Work task.
Word for word, copy the lines beginning at the one with "Make a statement" and ending at the last line below; pictures stay out.

Data.
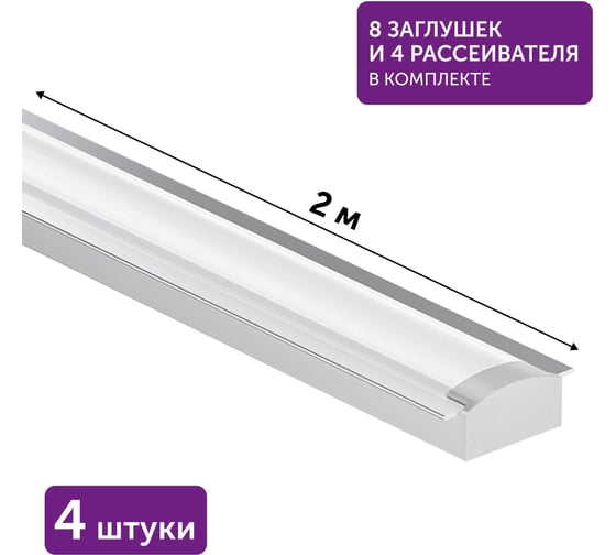 Комплект профиля для светодиодной ленты серебро врезной Geniled 22x6x2000 М16 с заглушками и плоским рассеивателем (4шт) 12130_ch_4
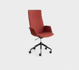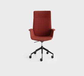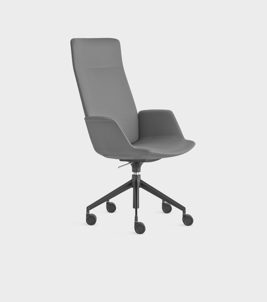 La hauteur réglable et les roulettes sont des éléments très fonctionnels, qui allègent l'empreinte directionnelle de cette chaise UNO à haut dossier et profil géométrique.
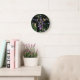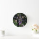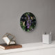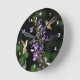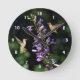 Dos hermosos colibríes volando con un reloj de pared de flores moradas
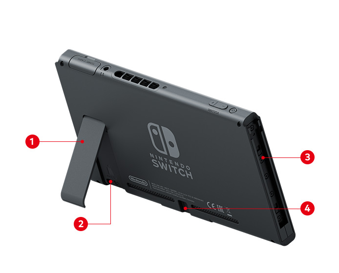 En revanche, le multi local à 2 sur une seule console va être très compliqué sur la Lite. Déjà par le fait que les Joy-Con ne sont plus détachables comme dit précédemment. Mais surtout a cause de l’absence sur la Lite du petit support (en numéro 1) permettant de faire tenir la Switch sur une surface plane.
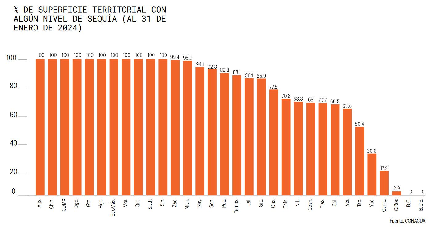 Visto por entidades, ya hay 10 de ellas que registran sequía en el 100% de sus territorios. Aguascalientes; Chihuahua, Ciudad de México, Durango, Guanajuato, Hidalgo, Estado de México. Morelos, Querétaro, San Luis Potosí, Sinaloa, y Zacatecas, donde el porcentaje es de 99.4% del territorio.
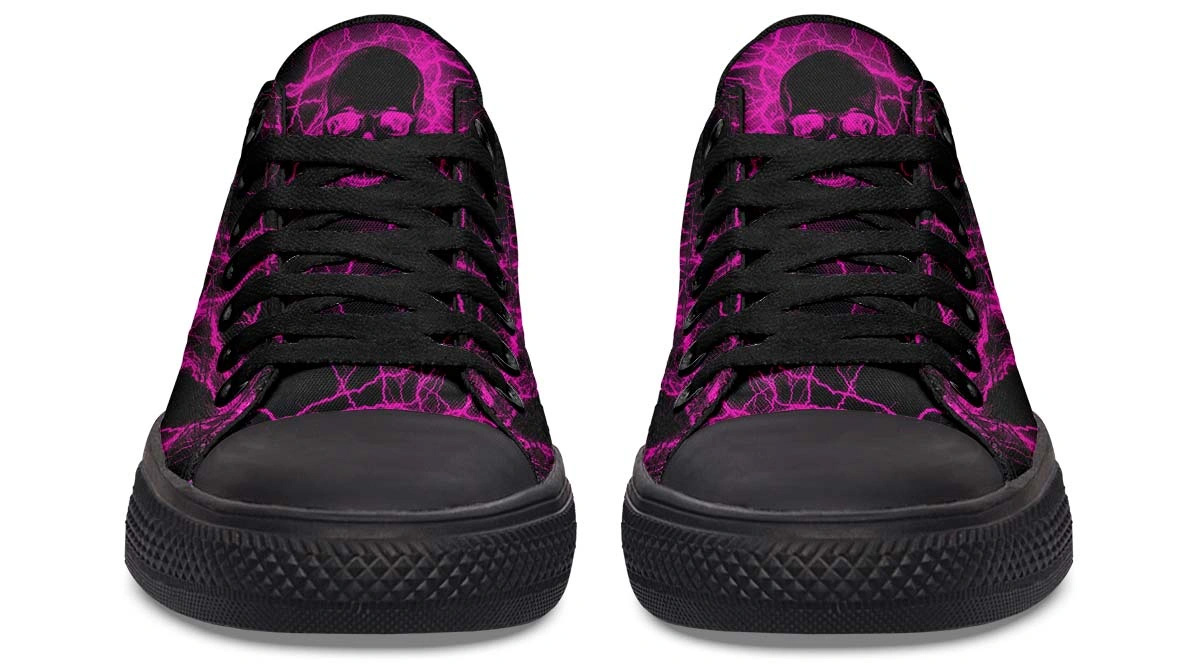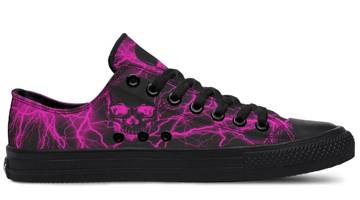 Make a statement with Pink Lightning Skull Low-Top Sneakers. Bold skull art meets vibrant pink accents in these stylish, comfortable streetwear essentials.
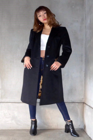 长大衣配以短内衣和紧身裤,尽显帅气
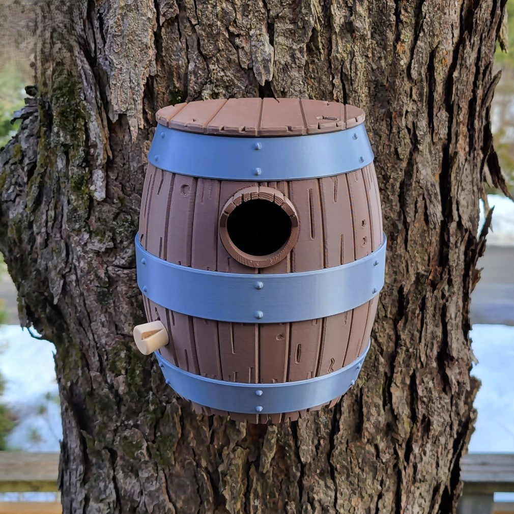 This barrel birdhouse provides a cozy and safe home for our feathered friends. Its unique design adds rustic charm to any garden while its sturdy construction ensures durability. Made from high-quality materials, this birdhouse is the perfect addition to any bird lover's collection.

Answer section.
 Make a statement with Pink Lightning Skull Low-Top Sneakers. Bold skull art meets vibrant pink accents in these stylish, comfortable streetwear essentials.
 长大衣配以短内衣和紧身裤,尽显帅气
 This barrel birdhouse provides a cozy and safe home for our feathered friends. Its unique design adds rustic charm to any garden while its sturdy construction ensures durability. Made from high-quality materials, this birdhouse is the perfect addition to any bird lover's collection.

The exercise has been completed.